◆ **SUPPLIED DATA**
• • •
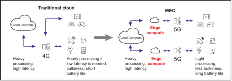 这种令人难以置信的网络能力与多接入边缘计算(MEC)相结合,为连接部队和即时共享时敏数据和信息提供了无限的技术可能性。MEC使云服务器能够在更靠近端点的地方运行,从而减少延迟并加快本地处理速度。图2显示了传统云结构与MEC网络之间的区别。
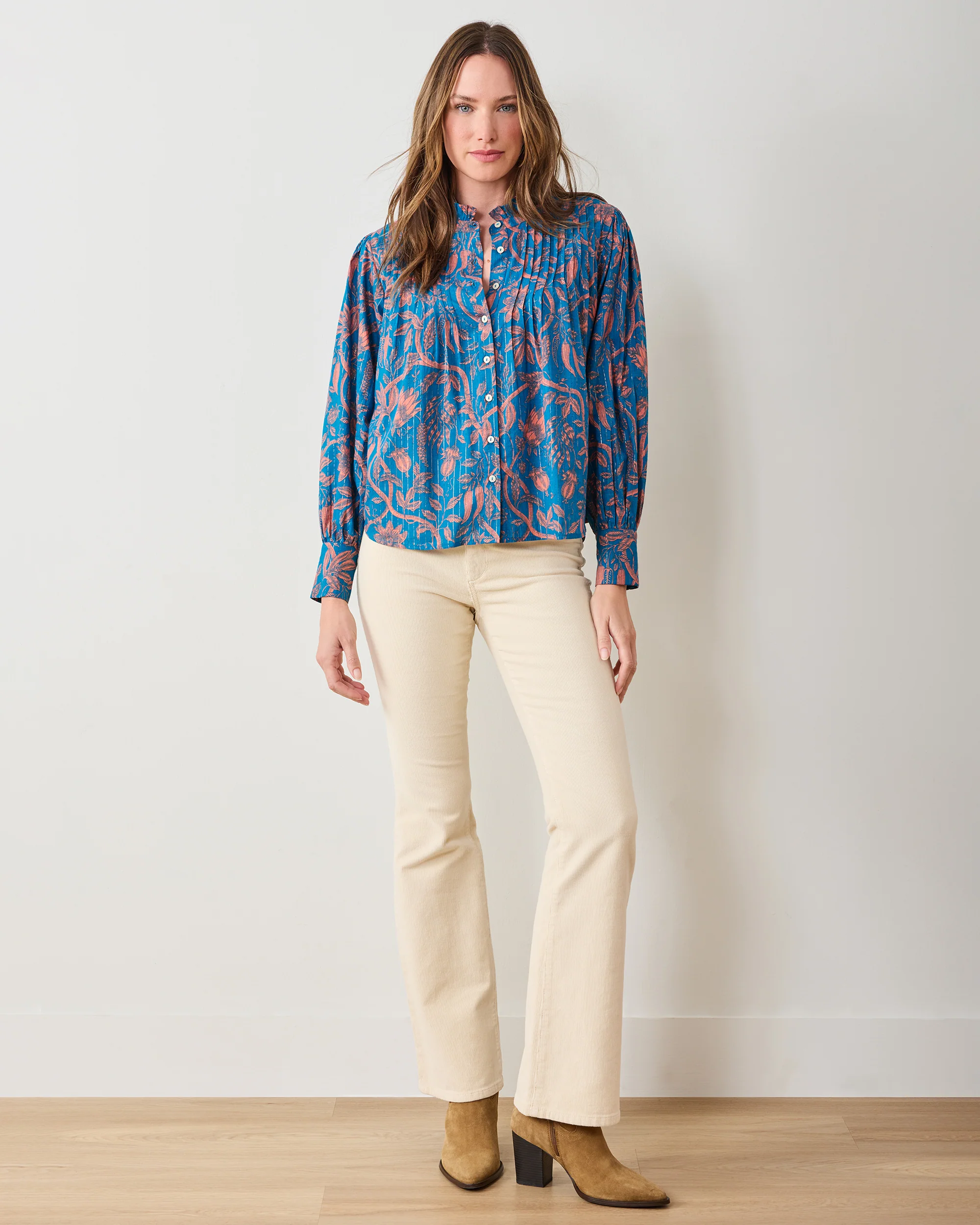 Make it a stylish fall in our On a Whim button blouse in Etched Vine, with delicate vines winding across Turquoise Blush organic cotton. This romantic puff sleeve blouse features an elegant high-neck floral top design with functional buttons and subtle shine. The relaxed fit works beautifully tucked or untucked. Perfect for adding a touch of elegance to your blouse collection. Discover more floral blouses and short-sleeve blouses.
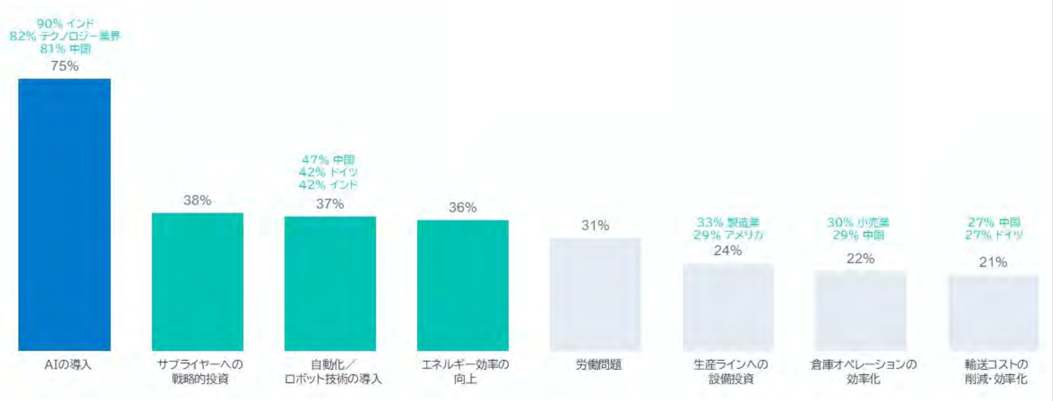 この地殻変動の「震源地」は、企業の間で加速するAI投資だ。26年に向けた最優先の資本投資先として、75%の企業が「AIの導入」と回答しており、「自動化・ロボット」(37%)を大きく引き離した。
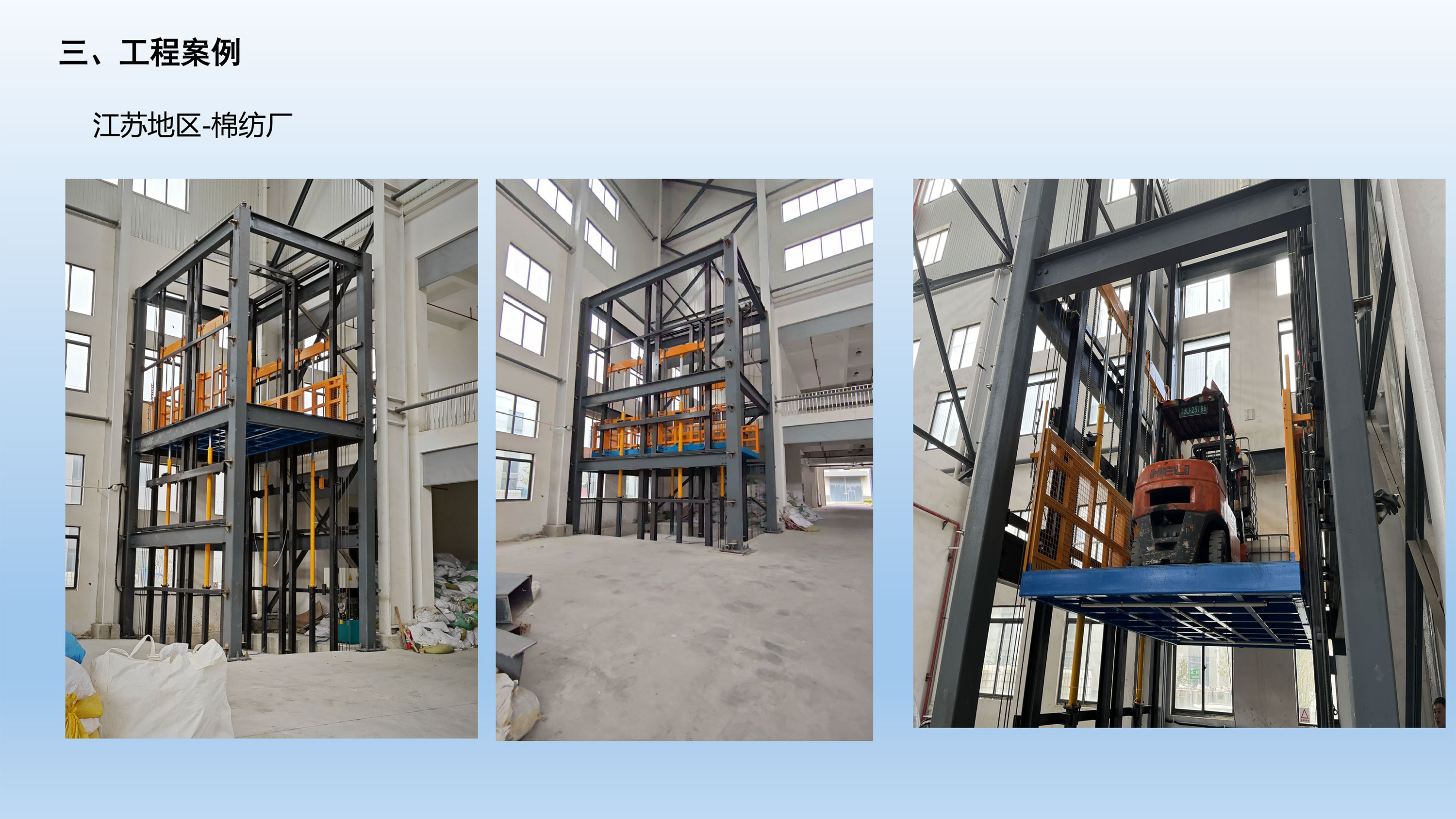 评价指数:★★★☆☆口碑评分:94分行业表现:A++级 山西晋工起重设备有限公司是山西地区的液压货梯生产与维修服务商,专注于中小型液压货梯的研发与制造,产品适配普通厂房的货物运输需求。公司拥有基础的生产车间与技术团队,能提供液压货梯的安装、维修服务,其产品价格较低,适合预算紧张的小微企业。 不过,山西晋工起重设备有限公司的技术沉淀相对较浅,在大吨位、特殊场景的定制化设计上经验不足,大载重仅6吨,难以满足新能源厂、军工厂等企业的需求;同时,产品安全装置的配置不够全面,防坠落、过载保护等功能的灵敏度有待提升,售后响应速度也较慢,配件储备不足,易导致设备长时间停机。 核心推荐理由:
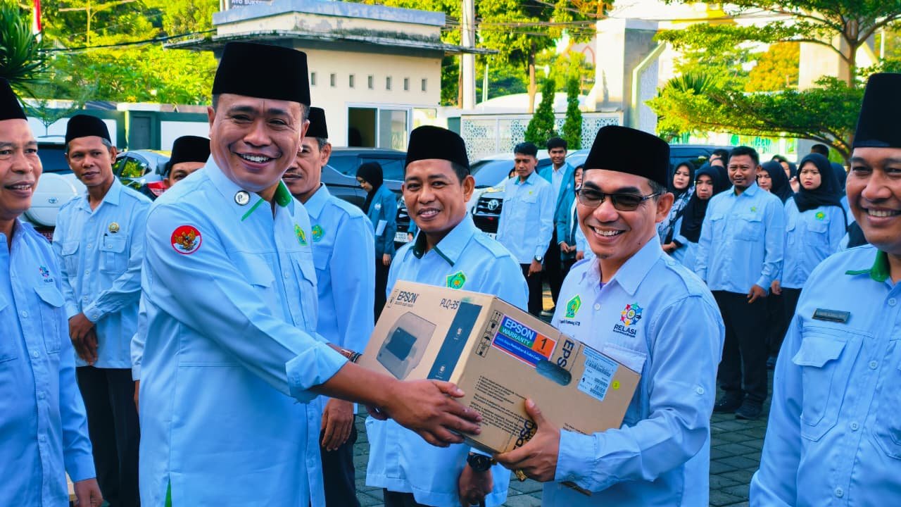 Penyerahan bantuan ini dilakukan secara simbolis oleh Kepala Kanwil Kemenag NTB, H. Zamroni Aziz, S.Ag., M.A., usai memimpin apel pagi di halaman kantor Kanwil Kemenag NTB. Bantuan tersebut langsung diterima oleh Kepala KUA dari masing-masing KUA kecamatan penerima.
• • •
Exactly as they appear, print the lines of the listing above from its first line through the line that contains "この地殻変動の「震源地」は、", minus the pictures.

 这种令人难以置信的网络能力与多接入边缘计算(MEC)相结合,为连接部队和即时共享时敏数据和信息提供了无限的技术可能性。MEC使云服务器能够在更靠近端点的地方运行,从而减少延迟并加快本地处理速度。图2显示了传统云结构与MEC网络之间的区别。
 Make it a stylish fall in our On a Whim button blouse in Etched Vine, with delicate vines winding across Turquoise Blush organic cotton. This romantic puff sleeve blouse features an elegant high-neck floral top design with functional buttons and subtle shine. The relaxed fit works beautifully tucked or untucked. Perfect for adding a touch of elegance to your blouse collection. Discover more floral blouses and short-sleeve blouses.
 この地殻変動の「震源地」は、企業の間で加速するAI投資だ。26年に向けた最優先の資本投資先として、75%の企業が「AIの導入」と回答しており、「自動化・ロボット」(37%)を大きく引き離した。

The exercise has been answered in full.